The problem of parallel lines
Two equations of lines are given in parametric form. They are presented below:
x = -1 + 5 × α;
y = 3 + 3 × α
and
x = 2 - 6 × λ;
y = 4 - 3.6 × λ
It is necessary to determine whether the lines are parallel. The easiest way is to determine the parallelism of two lines using the coordinates of the direction vectors. Turning to the general formula of the parametric equation in two-dimensional space, we find that the direction vectors of each line will have the coordinates:
v 1 ¯ (5; 3);
v 2 ¯ (-6; -3.6)
Two vectors are parallel if one of them can be obtained by multiplying the other by a certain number. We divide the coordinates of the vectors in pairs, we get:
-6/5 = -1.2;
-3.6 / 3 = -1.2
It means that:
v 2 ¯ = -1.2 × v 1 ¯
The directing vectors v 2 ¯ and v 1 ¯ are parallel, which means that the lines in the condition of the problem are also parallel.

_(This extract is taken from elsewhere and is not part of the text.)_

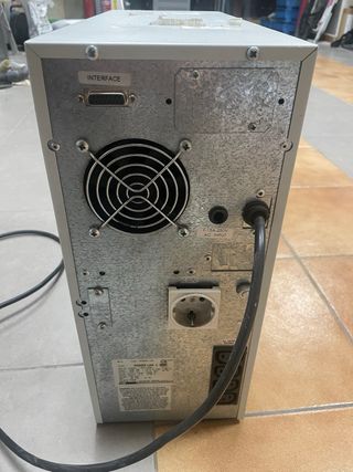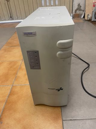 Sistema de protección de energía Chloride Power Lan +3000. - Etiqueta CHLORIDE POWER PROTECTION. - Panel de control con indicadores LED y botones. - Diseño vertical. - Marca POWER LAN visible en la parte inferior. - Vendo como si fuera para piezas o reparar, retirado de unas oficinas en uso. - Desconozco estado y funcionamiento. No se como va. Al enchufar lo a la corriente no hace nada.

Check if they are the same line. To do this, substitute the coordinates of any point in the equation for another. Take the point (-1; 3), substitute it in the equation for the second line:
-1 = 2 - 6 × λ => λ = 1/2;
3 = 4 - 3.6 × λ => λ ≈ 0.28
That is, the lines are different.
The perpendicularity problem of straight lines
Equations of two lines are given:
x = 2 × α;
y = 1 + 3 × α
and
x = 2 + 6 × λ;
y = -2 - 4 × λ
Are these lines perpendicular?
Two lines will be perpendicular if the scalar product of their guide vectors is zero. We write these vectors:
v 1 ¯ (2; 3);
v 2 ¯ (6; -4)
Find their scalar product:
(v 1 ¯ × v 2 ¯) = 2 × 6 + 3 × (-4) = 12 - 12 = 0
Thus, we found that the lines considered are perpendicular. They are shown in the figure above.